If any employee victimises other employees who have raised concerns or if any employee deters other employees from making concerns about wrongdoings, then the employee responsible may be liable to disciplinary action, including summary dismissal.
8.1 Grounds for raising a concern
You should follow this procedure where you have a genuine suspicion about actual or planned malpractice and wrong doing or which affects you and the firm.
This includes malpractice or wrongdoing which:
- Amounts to a breach of the Financial Services and Markets Act 2000 or any applicable FCA requirements
- Amount to a criminal offence or breach of civil law
- Amounts to a breach of any statutory code of practice
- Amounts to corruption or fraud
- Amounts to a miscarriage of justice
- Involves danger to the health and safety of any person
- Involves damage or potential damage to the environment
- Attempts to cover up the occurrence or likely occurrence of any of the above
You must raise your concern(s) in good faith and must reasonably believe that the information that you wish to disclose relates to one of the above categories of wrong doing.
8.2 Who to raise a concern with
You should raise your concern with the Director, Mr. __________
8.3 How to raise a concern
You should initially raise your concern(s) directly, by speaking personally, and in confidence to the appropriate person, (as indicated above). However, if you consider that it is insufficient or impractical to resolve the concern by way of a confidential discussion, you may raise the concern in writing. In the event that you do raise a concern, the Director may request that you put your concerns(s) in writing.

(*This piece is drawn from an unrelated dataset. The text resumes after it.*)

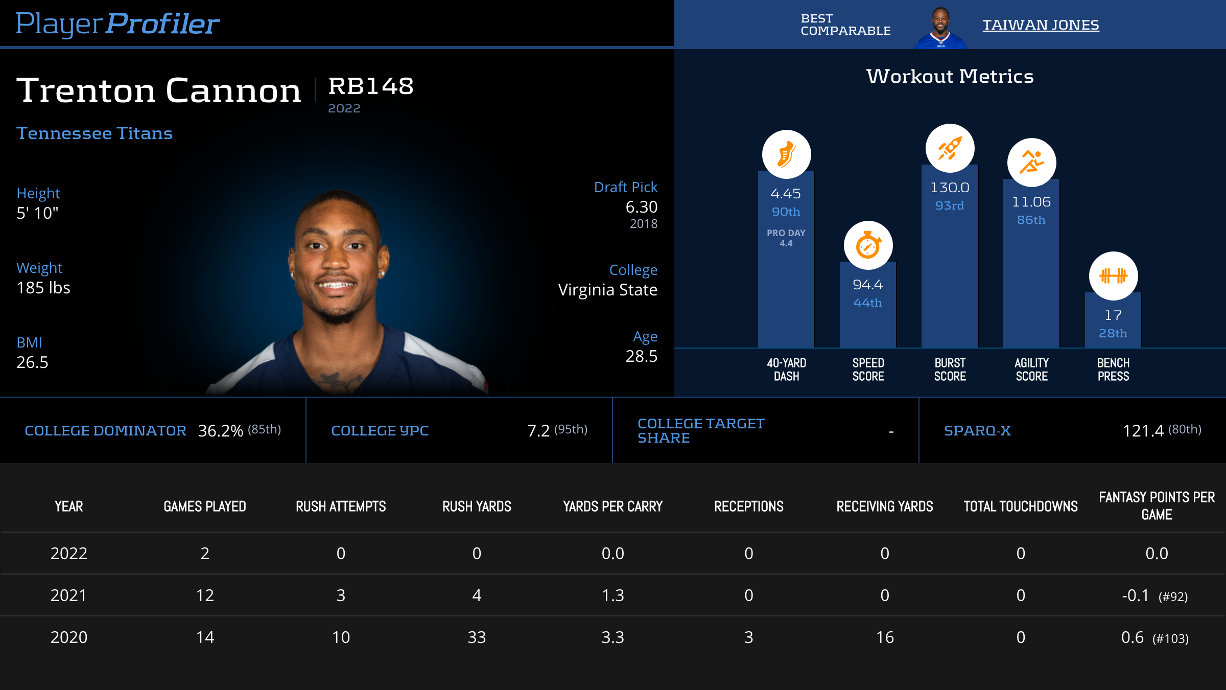 | Year Year | Games Games | Rush Attempts Rush Atts | Rushing Yards Rush Yrds | Total Touchdowns TDs | Receptions Rec | Receiving Yards Rec Yrds | Target Share Tgt Share | Age Age | School School |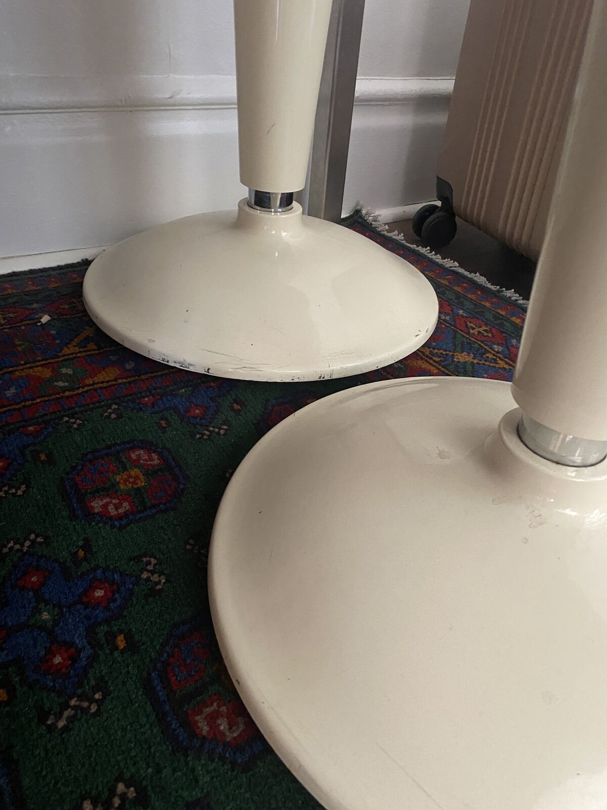 I have three of these cool stools. At their shortest they are 22" and 29" at their tallest. Very cute and quite the vibe. The wobble around which is fun. $60 for three, not selling individually. Cash only, downtown SLC.

Once a complaint is received, Management will conduct an investigation into the allegation(s). Unity Remit Ltd will do everything that it can to respect confidentiality and to prevent reprisals.
However, in order to investigate your concern(s) properly it may be necessary for you to consent to other employees being informed of your concern(s). You may request anonymity, but this may affect the ability to investigate your concern(s). The investigation will be conducted and concluded as quickly as possible.
We will advise you in a manner and to an extent considered appropriate, of the outcome of any investigation. This may include disciplinary action being taken against any employee(s) suspected of malpractice. You must treat the investigation, the outcome of the investigation, any report prepared as a result of the investigation and any disciplinary arising as confidential. Any breach of confidence may lead to disciplinary action being taken, including summary dismissal.